Still, Brill’s machines are far from a finished product. He told me that he had made and delivered three bike-powered hullers thus far, and all were different. “It’s iterative,” he said, standing back to appraise the thigh-high chipboard contraption he had built for Randall’s Island Urban Farm. “But this one is pretty slick.”

At this point, Storrs arrived, with a small pink bike in tow, and the talk turned technical. Storrs, an open-faced young man in a floppy straw hat, was visibly excited. “This is freaking amazing,” he kept saying, with an enormous smile on his face. Brill, meanwhile, tensed up ever so slightly during the setup and adjustment, tweaking chains, rubber bands, and bolts to fit the bike height to the roller mechanism. “You want to make the gap between the rollers a little too wide at the start, to sneak up on the rice,” he instructed Storrs.

Finally, Storrs produced a bag of last year’s “paddy,” or unprocessed, rice, poured it into the hopper at the top of the machine, and climbed aboard the pink bike. Brill kneeled on the ground, glasses pressed up against the Perspex-sided roller mechanism. “Is there a particular speed I’m aiming for?” Storrs asked. “Just pedal,” Brill replied, and Storrs did, his knees splayed sideways on the undersized frame. I realized that I was holding my breath.

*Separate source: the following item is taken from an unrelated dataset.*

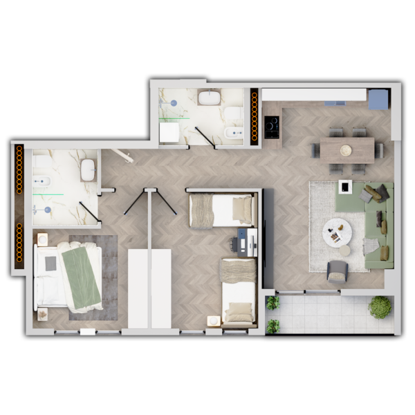 Apartament 2+1 për shitje në projektin Univers City. I organizuar nga dy dhoma gjumi, një ambient dite për banim dhe ndenje si dhe dy tualete. Ofron ambient shumë komod për një jetesë të mirë dhe të rehatshme. Apartamenti është me pamje nga brenda Godinës.

“Would you look at that!” Brill exclaimed. “A hundred-per-cent hull rate!” The rollers had removed the hulls from every single grain of rice the first time. The mood quickly became celebratory, and we each took a turn on the bike. Storrs asked whether it might be possible to attach an odometer so that students can see how far they need to ride to hull each pound of rice. Brill dispensed maintenance tips, I discussed sightseeing plans with his wife, and, all the while, freshly milled kernels of New York City’s only truly local rice poured into a beige plastic bus tray. “This is actually easier than growing it!” Storrs exclaimed, delighted.

As we put the huller and bike away, to await this fall’s rice harvest, Brill took one last look at his machine. “You know, next time I’m going to try an adjustable slope for the flow-in,” he said, talking to no one in particular.

Nicola Twilley is the author of Edible Geography, a blog that looks at food from all sorts of unlikely angles. She is currently working on a book about artificial refrigeration.

Photograph by Nicola Twilley.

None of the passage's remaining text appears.